Tout comme la technique du bioréacteur, le PTMB a fait l’objet de nombreuses recherches depuis les années 2000 et les enseignements suivants ont pu en être tirés :

- le PTMB peut permettre de dégrader efficacement la matière organique biodégradable, et ce jusqu’à 90% (de Gioannis et al., 2009). Toutefois, ce mode de traitement reste coûteux, et l’efficacité de PTMB à moindre coût reste plus limitée (Lornage et al., 2007) ;

- le PTMB diminue très nettement la charge organique des lixiviats (Münnich et al., 2006) ;

- le PTMB permet de diminuer le volume des déchets de façon significative (Berthe, 2006 ; Lornage et al., 2007).

Il est à noter toutefois que le PTMB a un coût bien plus important que le stockage classique, ce qui le place à des niveaux de coûts proche de l’incinération : 70 à 150 € par tonne (Lornage et al., 2007 ; de Gioannis et al., 2009) contre 35 à 300 € par tonne pour l’incinération.

Deux modèles opposés ?

Les deux modes de traitement « optimisés » décrits plus haut, le stockage en mode bioréacteur et le PTMB sont basés sur des principes de stabilisation après stockage pour le premier, et avant stockage pour le second (Powrie et al., 2007). Les deux approches tendent donc à s’opposer sur ce point. Cette

opposition est également cristallisée par une séparation relativement nette entre pays germaniques, plutôt favorables au PTMB, et pays anglo-saxons, plutôt favorables au bioréacteur.

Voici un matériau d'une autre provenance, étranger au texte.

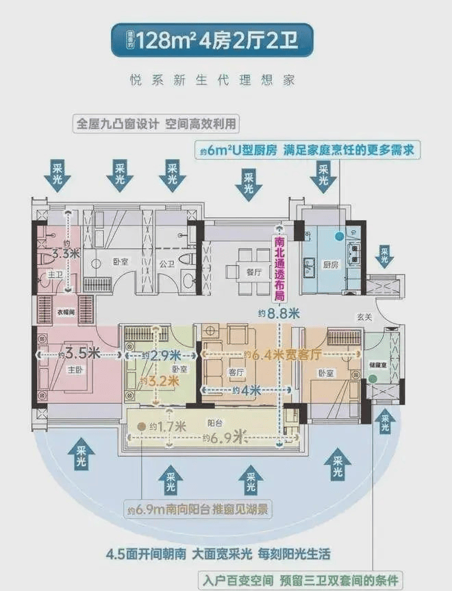 128㎡的4房2厅2卫:属于南北通透竖厅格局,客厅进深7.1米(不含阳台),开间4米,配有6.96米宽景阳台,主卧套间设计,配有衣帽间和三段式卫生间。这个户型除通透性比传统横厅更优异外,静区部分的静溢性也会比较好,居住舒适性更佳,受众也是老少皆宜。
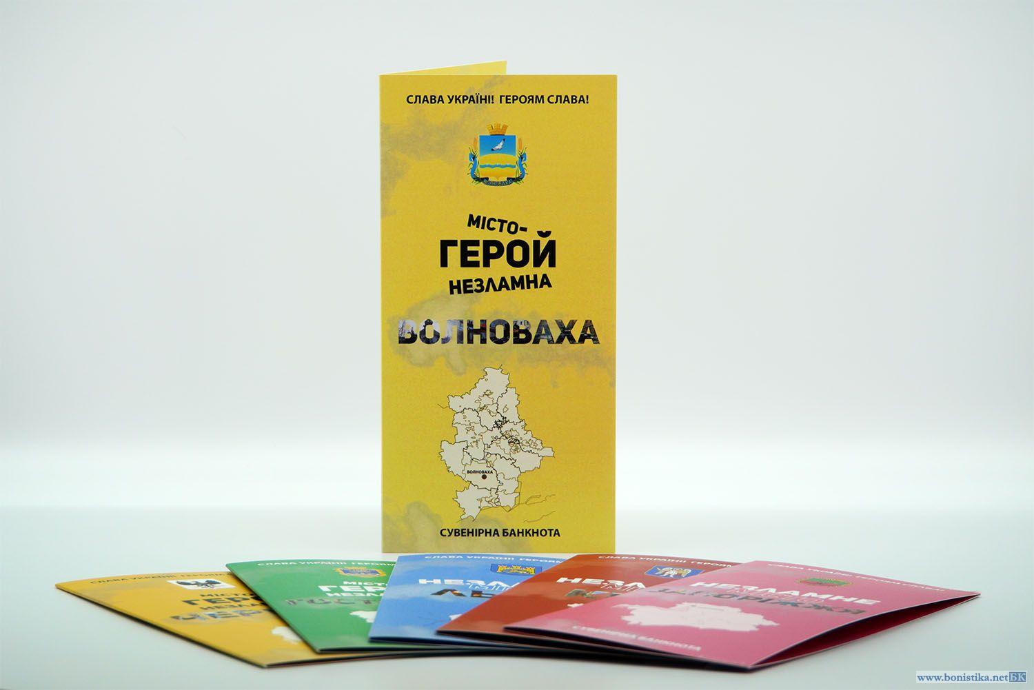 Замовити: 20 гривен, сувенирная банкнота 'Волноваха', в буклете
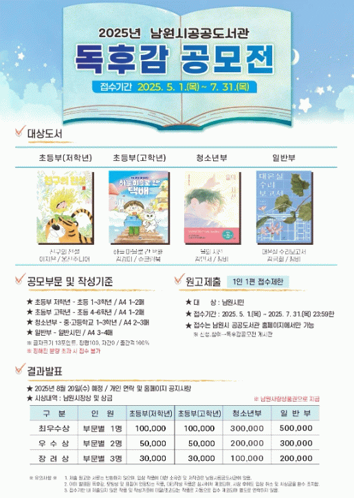 접수기간은 5월 1일부터 7월 31일까지이며, 초등부(저학년), 초등부(고학년), 청소년부, 일반부 네 부문으로 나뉘어 남원시민이면 누구든지 참여할 수 있다.
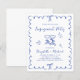 Set the tone for a joyful celebration with this charming engagement party invitation featuring a french blue wavy frame, hand-drawn bows, and playful script lettering. The cheerful toasting wine glasses add a fun, festive touch, creating the perfect blend of romantic and whimsical style. NOTE: This budget-friendly paper is similar in weight to photo paper -- a larger and thicker 5x7 traditional card stock version is also available (message us for the link).
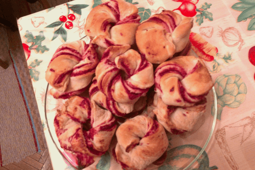 Веночки с клюквенным джемом — это утончённый десерт русской кухни, несущий в себе уют и домашнее тепло. В основе рецепта воздушное дрожжевое тесто, которое приобретает нежную текстуру благодаря молоку и сливочному маслу. Клюквенный джем, пропитывающий слои теста, наполняет веночки яркой кислинкой, создавая баланс между сладостью и свежестью. Исторически выпечка в форме венков символизировала единство и гармонию, а этот вариант особенно хорошо дополняет семейные чаепития. Веночки подают теплыми, посыпанными сахарной пудрой, сопровождая их ароматным чаем или кофе. Их насыщенный вкус и аппетитный вид делают их идеальным выбором для праздничных вечеров и уютных посиделок.
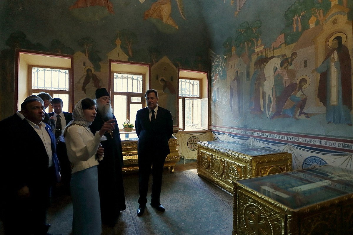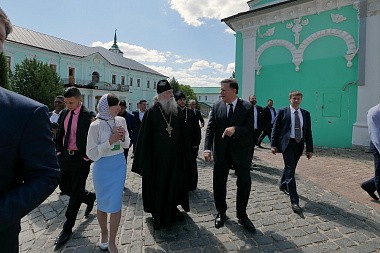 Для Президента и сопровождавшей его делегации была проведена экскурсия по Лавре и предложена монастырская трапеза.
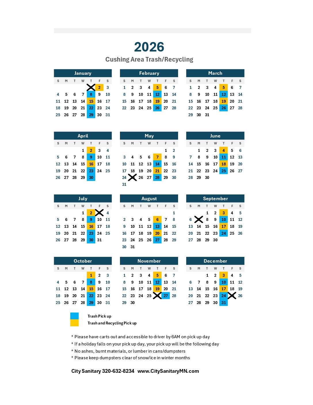 Please Note: If your pickup falls on a Holiday, we will pick up the day after the holiday. Please leave your cart out until it’s been picked up.
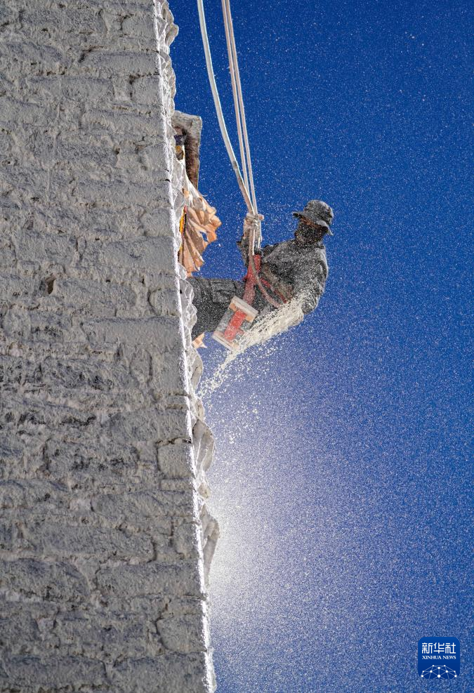 10月30日,布達(dá)拉宮管理處的工作人員在噴灑涂料。新華社記者 晉美多吉 攝

L’évolution de la législation européenne va actuellement plutôt dans le sens de la filière PTMB (Lornage et al., 2007 ; de Gioannis et al., 2009), en raison de critères stricts sur le contenu en matière organique biodégradables acceptable en entrée d’ISDND. Ce contenu doit diminuer de 25%, 50% puis 65% en 2006, 2009 et 2016 respectivement par rapport aux valeurs de 1995 (Directive n°1999/31/CE du 26/04/99).

Le coût élevé de la filière PTMB reste toutefois un frein majeur à son développement, notamment en France, où les exigences de la Directive précitée sont déjà respectées à l’échelle des flux globaux en raison d’un fort taux d’incinération (Berthe, 2006 ; Lornage et al., 2007). C’est notamment ce contexte qui a permis à la France de lancer plusieurs programmes de recherches et pilotes sur la technique du bioréacteur.

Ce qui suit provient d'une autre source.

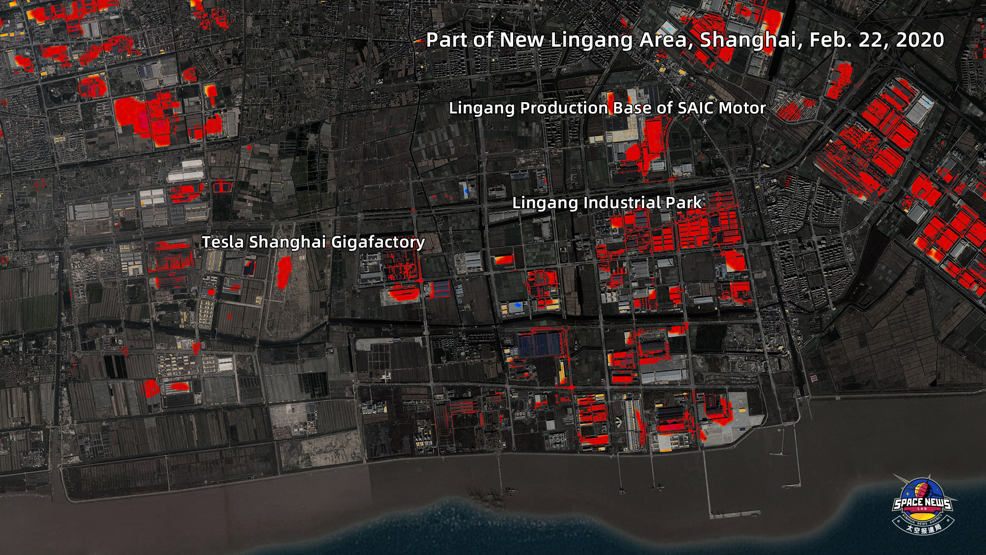 Satellite image of the Tesla Shanghai Gigafactory, Lingang Industrial Park and the Lingang Production Base of SAIC Motor in Shanghai,on Feb. 22, 2020.
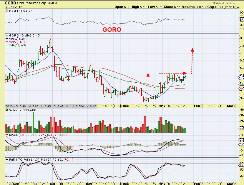 In conclusion: So we see a repetitive pattern forming in the Miners, and now several are breaking out. I view this as Bullish and would expect others to follow. Many miners had a nice run higher from Dec into January and a consolidation sideways ( including GDX & GDXJ), and we are starting to see some Miners breaking out. This gives us the hope that many others will follow, since these are often continuation patterns.
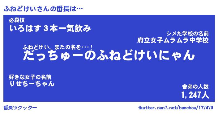 | ヘコむあだ名 | 『ふねにー』『なまこ酢』『ふね太郎』 |
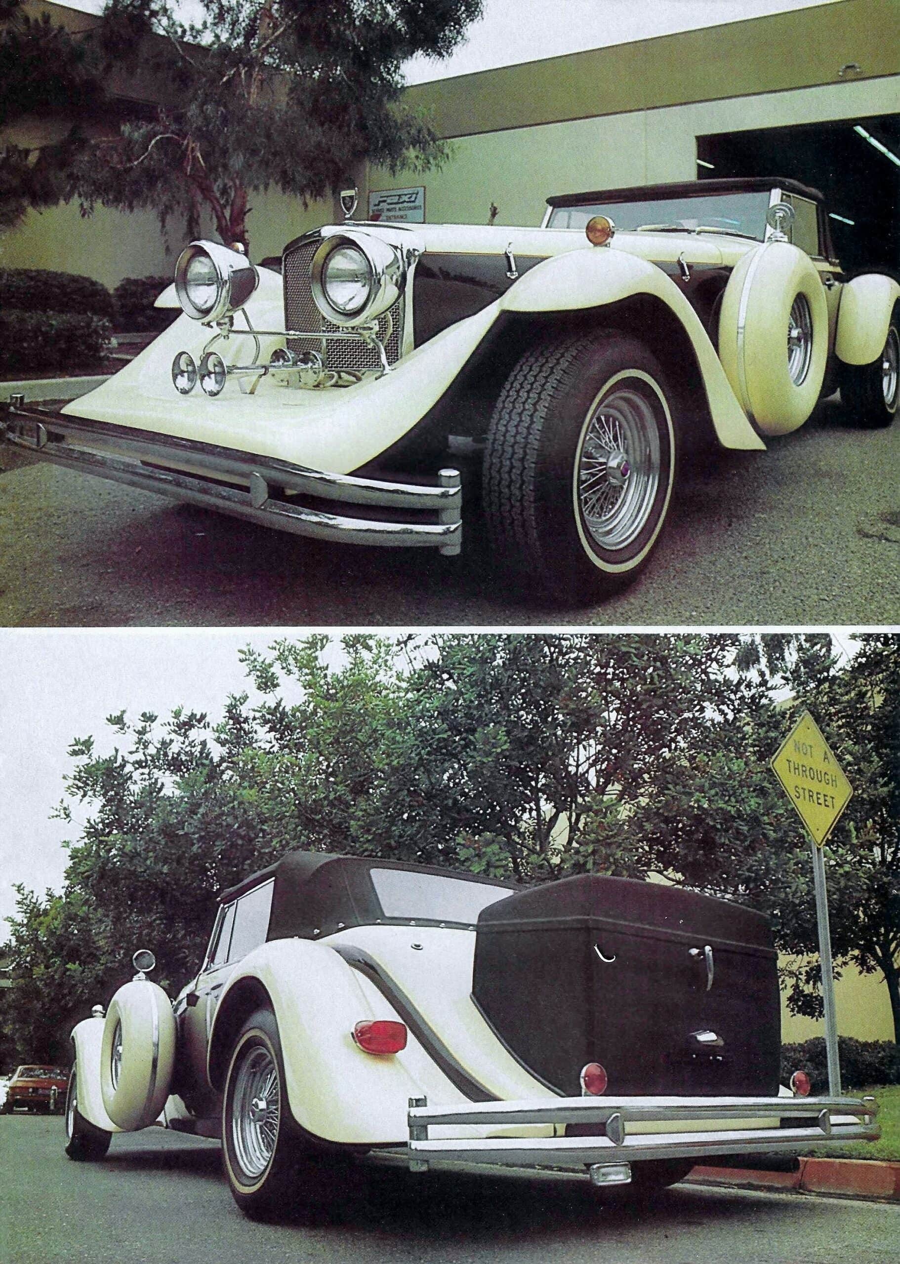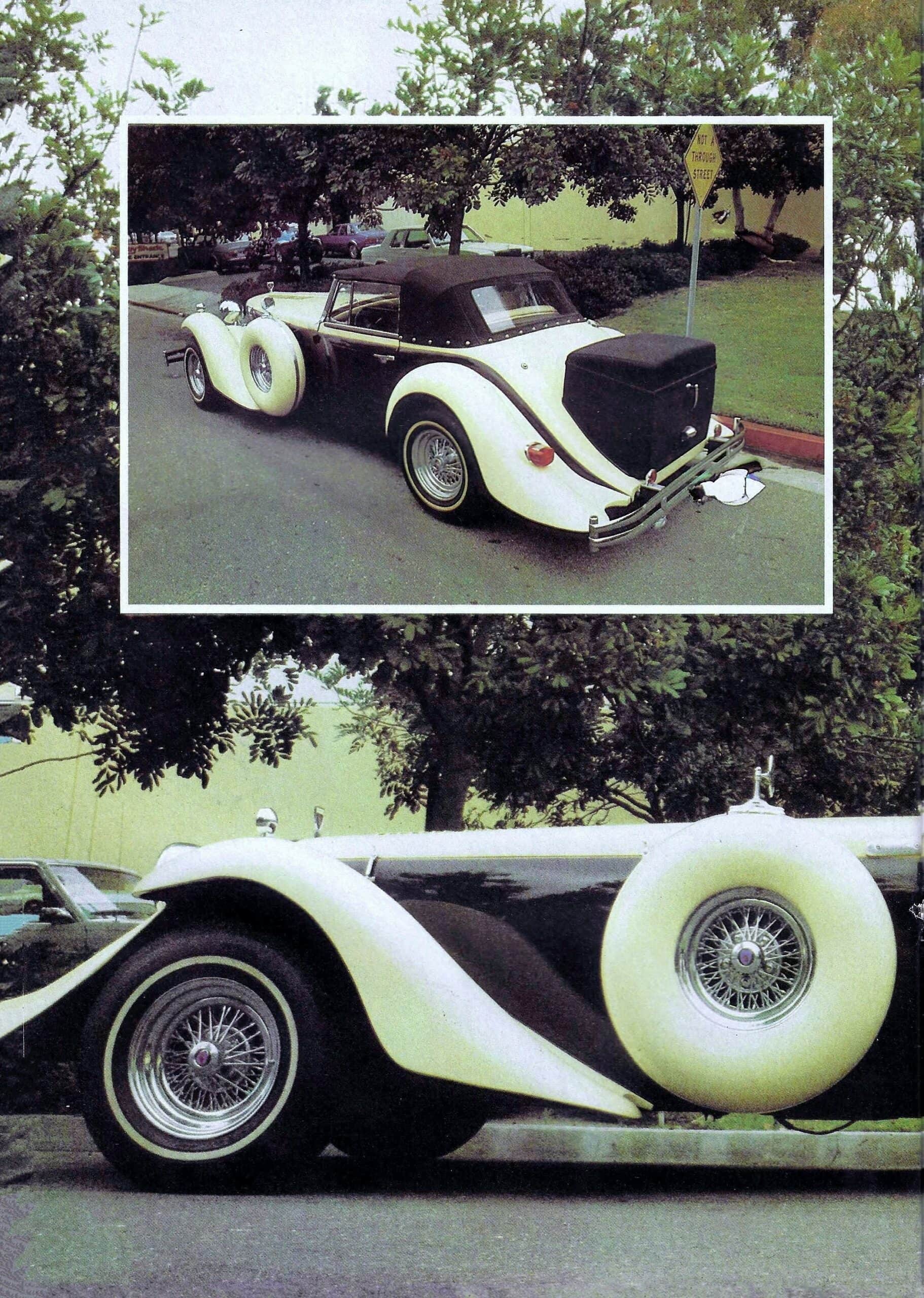 Elle a fait son apparition en 1980, personne ne savait pourquoi Franck Reisner le Boss d’Intermeccanica avait soudain décidé de pasticher Alain Clénet, qui, à cette époque était en route vers une faillite retentissante, tout comme Excalibur et la centaine de garagistes qui s’étaient lancés dans le “marché” (au départ juteux) des réplicas, renommées “Néo-Classiques” pour faire chic, choc et cher lorsque parées et alourdies de gadgets…

Les recherches doivent indéniablement continuer vers ces deux voies qui ont en commun d’avoir pour but l’accélération de la biodégradation des déchets de façon contrôlée. Toutes deux permettent une réduction du volume de déchets, d’ordre de grandeur d’ailleurs relativement comparable (Lornage et al., 2007). Dans des conditions normales d’exploitation, les deux techniques permettent de réduire de façon très significative les émissions de GES des installations. La question des émissions résiduelles reste toutefois d’actualité pour les deux filières (de Gioannis et al., 2009). Le choix entre les filières reste donc largement « idéologique », mais dépend surtout de la structuration locale de la filière déchets, des installations déjà existantes, des débouchés des produits du traitement, de l’acceptabilité des coûts de traitement et de la maîtrise des technologies.

Une autre voie d’accélération des processus de stabilisation, complémentaire aux deux voies précitées, consiste en l’injection d’air dans le massif de déchet pour favoriser la biodégradation aérobie (FNADE-Ademe, 2007). Testée à grande échelle notamment en Allemagne, ses potentialités semblent prometteuses (Ritzkowski et Stegmann, 2007), et cette technique sera sans aucun doute amenée à être davantage développée dans les prochaines années, mais elle se heurte pour le moment à des problèmes d’autorisation de mise en œuvre notamment en France, où elle a été longtemps interdite.

Dans ce manuscrit, l’accent sera davantage mis sur le stockage en mode bioréacteur, dans la mesure où cette technique reste pour le moment l’option principale choisie par de nombreux pays, notamment la France, pour faire évoluer la filière stockage, tout en continuant les recherches sur d’autres possibilités alternatives. Dans ce contexte, des déchets prétraités ou avec ajout d’autres matériaux seront également testés.